Required work: Exact copy, no pictures: set down the lines from the one holding "M 張地: サンプルラ・5429-0000 (GA) ¥157,000" through the final line of the records below.

(Records from a data collection)
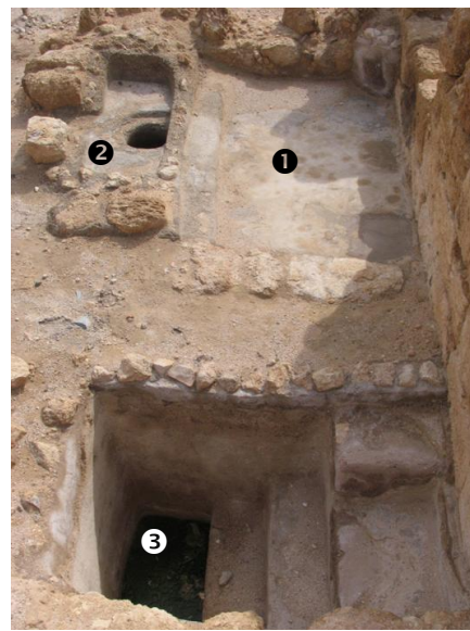
איור 2 - המקווה המערבי, מבט לדרום 1 - משטח מטויח; 2 - בריכה ותחתיה מיכל; 3 - בריכת טבילה
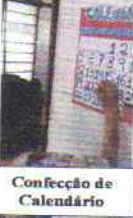
Confeção de Calendário
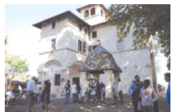
Molta gente per la riapertura di Villa Radicati
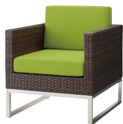
M 張地: サンプルラ・5429-0000 (GA) ¥157,000
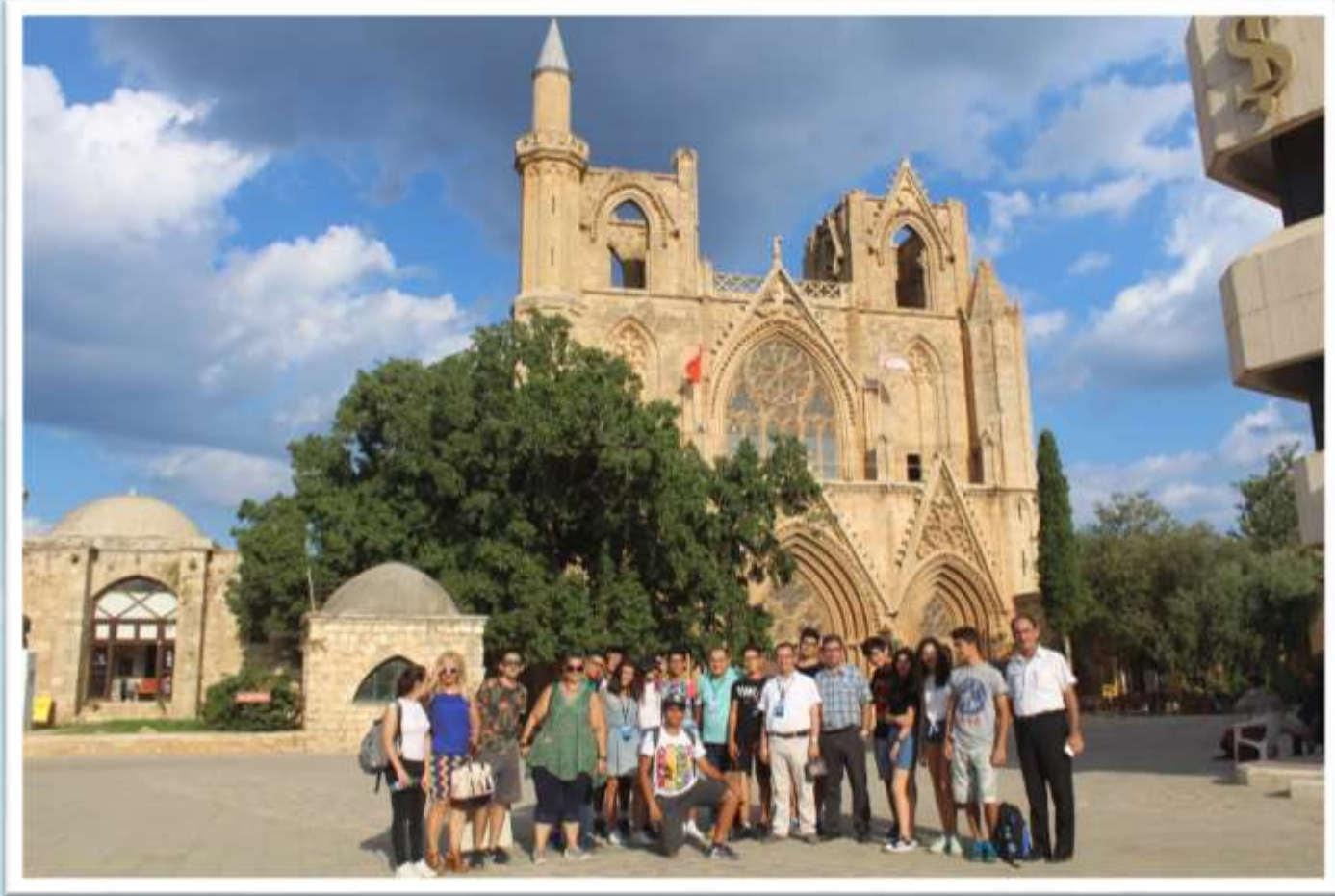
Gazi Mağusa Lala Mustafa Paşa Camii
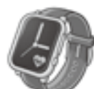
スマートウォッチ
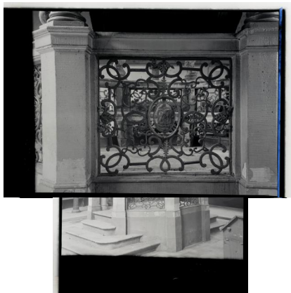
Synagoge Ansbach.
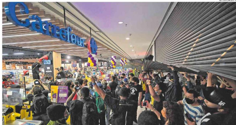
Vandalismo. Manifestantes invadem loja do Carrefour em SP; houve protestos também em Porto Alegre e em outras cidades do País

Em troca do apoio de Joice Hasselmann, Bruno Covas (PSDB) disse que estuda fazer uma "Lava Jato municipal". Guilherme Boulos (PSOL) tenta nacionalizar disputa com alianças. Centros sindicais se dividem. POLÍTICA / PÁG. A10

Answer section:
M 張地: サンプルラ・5429-0000 (GA) ¥157,000
Gazi Mağusa Lala Mustafa Paşa Camii
スマートウォッチ
Synagoge Ansbach.
Vandalismo. Manifestantes invadem loja do Carrefour em SP; houve protestos também em Porto Alegre e em outras cidades do País

Em troca do apoio de Joice Hasselmann, Bruno Covas (PSDB) disse que estuda fazer uma "Lava Jato municipal". Guilherme Boulos (PSOL) tenta nacionalizar disputa com alianças. Centros sindicais se dividem. POLÍTICA / PÁG. A10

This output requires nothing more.